Wine, Jelly Beans and concerts

Monday, March 31, 2008

Ugh. I've been terrible at keeping this thing updated. Sadly, I think that my infrequent posting will continue through April. Is it really nearly April? When did that happen?
Anyway, the month looks pretty insane. I have, in quick succession: an audition recording to make, a concert of a really awful song cycle that I can't make myself practice and a concert of wonderful yummy music that I really like. The last one overlaps with Orthodox Easter, so my parents are all mad at me that I can't be at every single Holy Week service and stuff. I didn't plan on that, regardless of the concert schedule, but whatever....

This last week has been fairly eventful. By which I mean that I only went to work once last week, and otherwise goofed off and had fun. I know. Shocking.

Boyfriend was on spring break, and despite still spending a lot of time in his lab, we took a couple days to do stuff. First, we went to the Jelly Belly factory. If you're in the area, you absolutely must take the tour. It's free, and so, so, so fun! You learn about the actual manufacturing process, which is interesting (especially for industrial/electrical engineers like Boyfriend) and the history and stuff. Then you learn all about Ronald Reagan and his obsession with Jelly Bellies, which I really didn't care about, but hey, you get to see huge mosaics made of candy! Anyway, it was great fun. At the end, of course they expect you to hit the gift shop, which is hardly a bad thing. You can get 2 pound bags of the reject jelly beans called "Belly Flops" that you otherwise couldn't buy. So fun. Did I mention that?? Here are some photos:

Yes, despite being an engineer, Boyfriend managed to put his hat on upside-down.....hehe......
The new flavor is wild blackberry, which I cannot recommend more highly. If you're somewhere where you can acquire individual flavors, you really must try blackberry.

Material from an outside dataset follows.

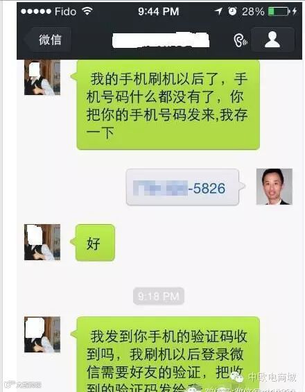 他:我的手机刷机后,手机号码什么都没有了,你把你的手机号码发来,我存下

At the end of the week, my excuse for not working was that a friend from grad school was in town with his wife. I hadn't seen them in a couple of years, and so I was really excited to get to do the tour guide thing and see them. I make an excellent tour guide, by the way, because of my freakish ability to memorize events and dates. My history geek-itude means that I remember when important buildings were built and why, and what happened where, etc. We met up with another friend from grad school, a German guy who has moved here and married an American woman, and did a walking tour of Union Square, Chinatown, North Beach, then went downtown to the opera house, Davies hall and the new Conservatory building. We then ate at Mel's Drive-in. I had to go after that, but they did the Golden Gate Bridge, Sausolito, Pier 39 and Fisherman's wharf.....does that sound like an insane amount for one day?? Cuz it is. A ton.

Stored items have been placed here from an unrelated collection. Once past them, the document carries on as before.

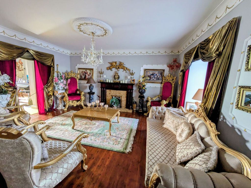 Refreshed, we make our way to tonight’s B&B. A few days ago we stayed at a hotel I referred to as swanky, which it was in a very understated and refined way. Tonight’s accommodations might also be described by some as swanky, but in a low level Russian oligarch inspired by Mar-a-Lago kind of way. We settle right in, draping wet cycling clothes on the Rococo furniture.
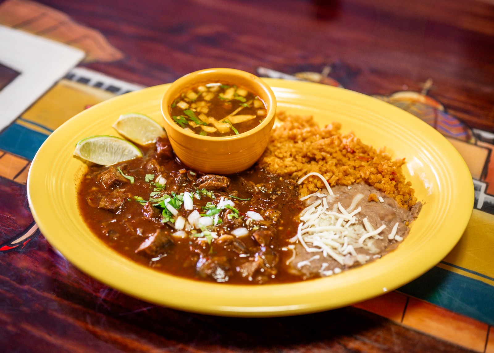 Marinated lamb with original PG sauce made with different herbs and Mexican dry peppers that adds an exquisite flavor. Accopmanied with a cup of broth.
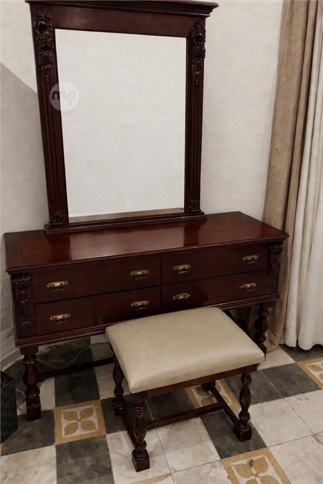 Classic style bedroom in very good condition for sale. Comprises of wardrobe (163X60X192), chest of drawers (116X48X 90), vanity table (125X40X180), double bed including mattress, two stand alone commodes and additional mirror (115X86). All dismantling and delivery costs to be borne by the buyer. The bedroom will be available towards the end of March.

Friday, we added Boyfriend to the group and went up to Napa to go wine tasting. I'd never done that before, since it's a very yuppie thing to do, and I'm anything but a yuppie. We went to two big, well known wineries, and two little tiny ones. The big ones were a more tourist-catered experience. The tastings are in the gift shop area, where they're trying to sell you wine club memberships, fancy glasswear, fancy cooking stuff......blah. I didn't care for that, but for the Brits to get to see the origin of wines they actually have in England was interesting, I suppose. The other two offered a much better time. The people talking to us actually had a role in the making of the wines and could explain things in a human way (instead of a wine-snob way) and weren't trying to sell everything (including their souls). Of course, with all that wine, we needed a big lunch, and it turns out that the only half-way affordable place to eat in St. Helena, California is a totally excellent little tacqueria.

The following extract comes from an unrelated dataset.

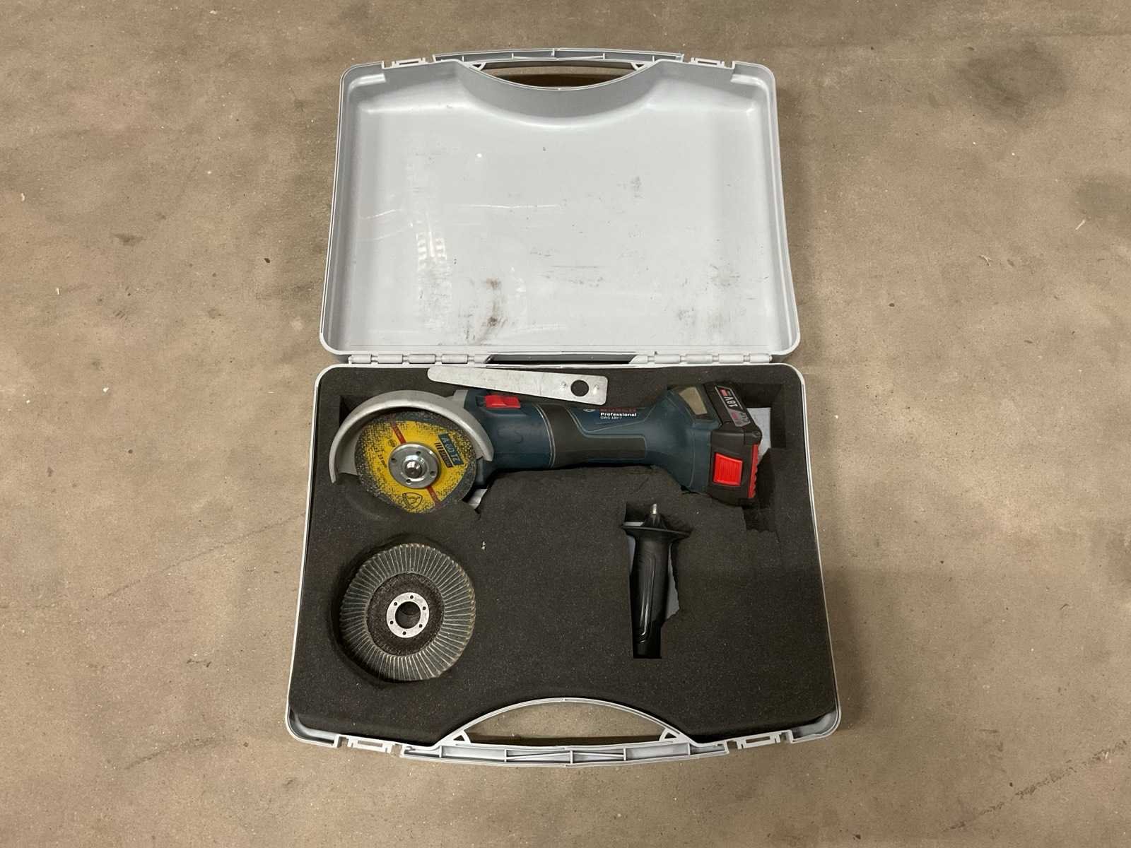 Excl. acculader. Merk: Bosch Type: GWS 18V-7 Accuspanning: 18V Accu type: Li-Ion Met koffer: true

So, I'm still just as stupid about wine, but now I know a couple of winery names that I like, and a slightly better idea of what types of wine I can go for.

With such a luxurious week behind me, it was quite a shock to have to wake up early and go to work today, but such is life. I must now make up for all those days that I wasn't working!


I read a really fun book a couple of weeks ago. It was called Mistress of the Art of Death, by Ariana Franklin. It's totally anachronistic, and basically the cross between Law & Order and The Canterbury tales, but it was a really fun read.

Also unrelated to anything that I've said here, you know St. Mary's Cathedral in SF? The one affectionately (or not) referred to as Our Lady of Maytag for its resemblance to the agitator in a washing machine? Well, did you know about its wonderful shadows? Check it out:


Monday, March 24, 2008

On Saturday night, there was a really terrible movie on PBS called "Moulin Rouge." Not the 1990's/2000's Baz Lurmann surrealist extravaganza, but a 1950's account of the life of Henri de Toulouse-Lautrec. It was pretty unwatchable, but it inspired me to look up information on the artist.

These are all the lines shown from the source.